Thursday, August 1, 2013

The Fuzzy Logic of the WordPress (.com) Terms of Service

In this post I will prove to you that almost every WordPress.com should be suspended as a violation of the Terms of Service of the site. Proceed with caution


Warning: There's a healthy dose of irony (and little bit of sarcasm) in this post.



Did you read the line above this?


And the one two lines above this?


Good - This post is about WordPress.com and it's Terms of Service, and me wondering how any blog can comply with the TOS :)


OK, now - smile, laugh a bit... And read on.


FACT: WordPress.com Does Not Like Commercial Sites and/or Random ****


Take a look at the quote below, from the WordPress.com Terms of Service, or TOS, as it's often called...



the Content is not spam, is not machine- or randomly-generated, and does not contain unethical or unwanted commercial content designed to drive traffic to third party sites or boost the search engine rankings of third party sites, or to further unlawful acts (such as phishing) or mislead recipients as to the source of the material (such as spoofing); - WordPress.com TOS



That quote is highlighted on the page, so it's damn important, OK?


Excellent - now check this quote from WordPress.com support as an partial explanation for the above quote and the TOS in full...



WordPress.com does not allow blogs that are created for the purpose of directing traffic to commercial web sites, affiliate/ptc programs or multi-level marketing campaigns - WordPress.com Support



According to these two quotes, any WordPress.com that has been created for the purpose of directing traffic to commercial web sites, is in fact, against the TOS.


FACT: Links are the most important factor for the search engine rankings


Further, any hyperlink has the purpose to "direct traffic" to it's destination. And each and every website is either directly or indirectly commercial, even the non-profits (because they link to their donators / sponsors, from whom some are commercial).

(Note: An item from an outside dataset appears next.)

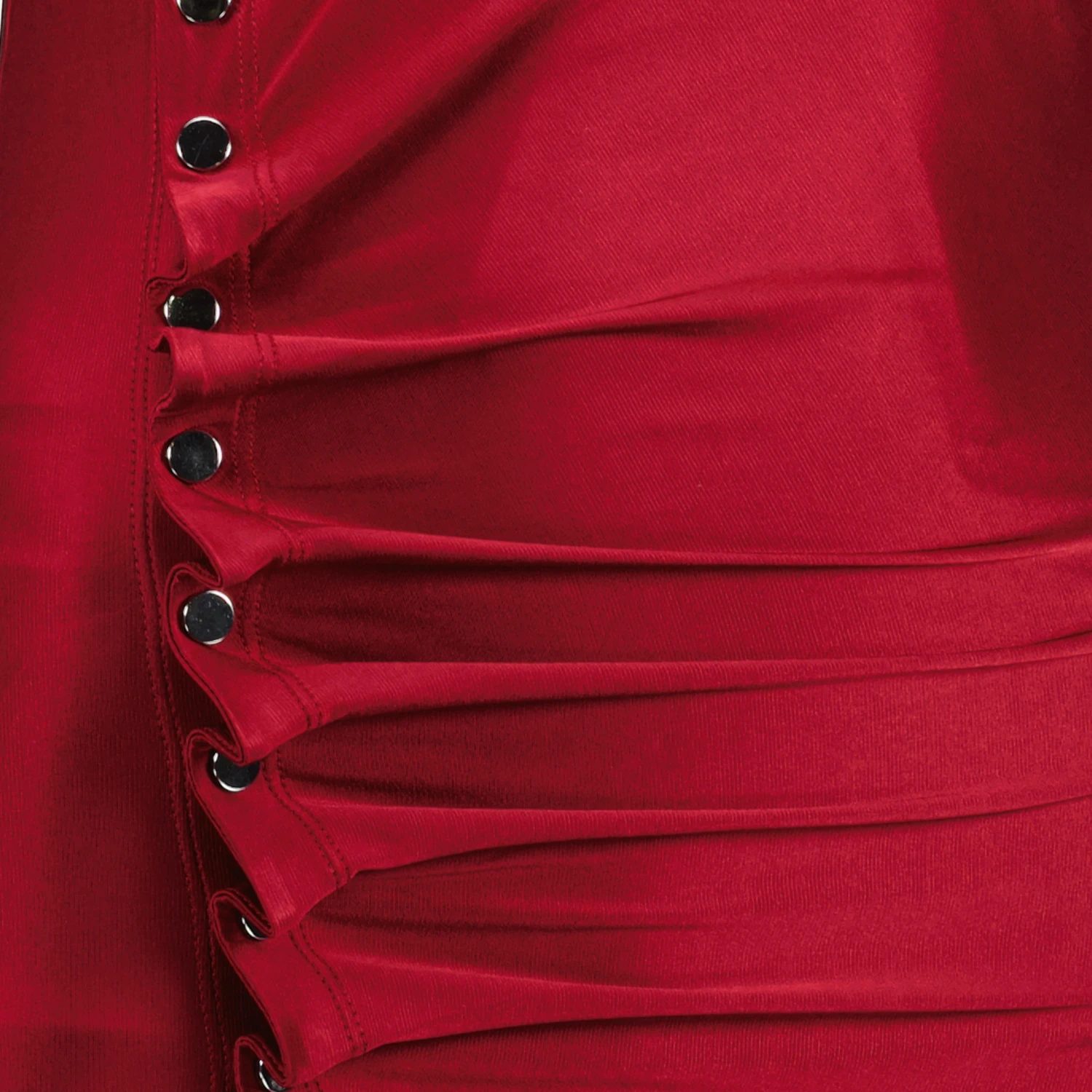 Robe drapée en lurex rouge de la marque Rabanne pour femme. Cette pièce fait partie de la collection Printemps-Été 2025 et se distingue par ses finitions argentées et son col rond.

Because any link, in theory will provide tiny support to search engine rankings, and thus, increase traffic of the target site, all links on WordPress.com are bad.


Clear so far?



  • Directing traffic to a commercial web site is against WordPress.com TOS

  • Any hyperlink will drive traffic

  • Every website is indirectly or directly connected to a commercial site (with a link)


Ergo, each and every WordPress.com that has links must be banned, because each and every WordPress.com blog links to a commercial website, directly or indirectly (2-3 links away), thus at least "boosting the search engine rankings" of a commercial site.


We're all doomed!


Stay with me. Read that TOS quote again.


WordPress.com blog must not have links to any site, because each and every link will "drive traffic to third party site" if anyone clicks on it (and someone will), or boost search engine rankings of third party sites (= not WordPress.com?), that are commercial.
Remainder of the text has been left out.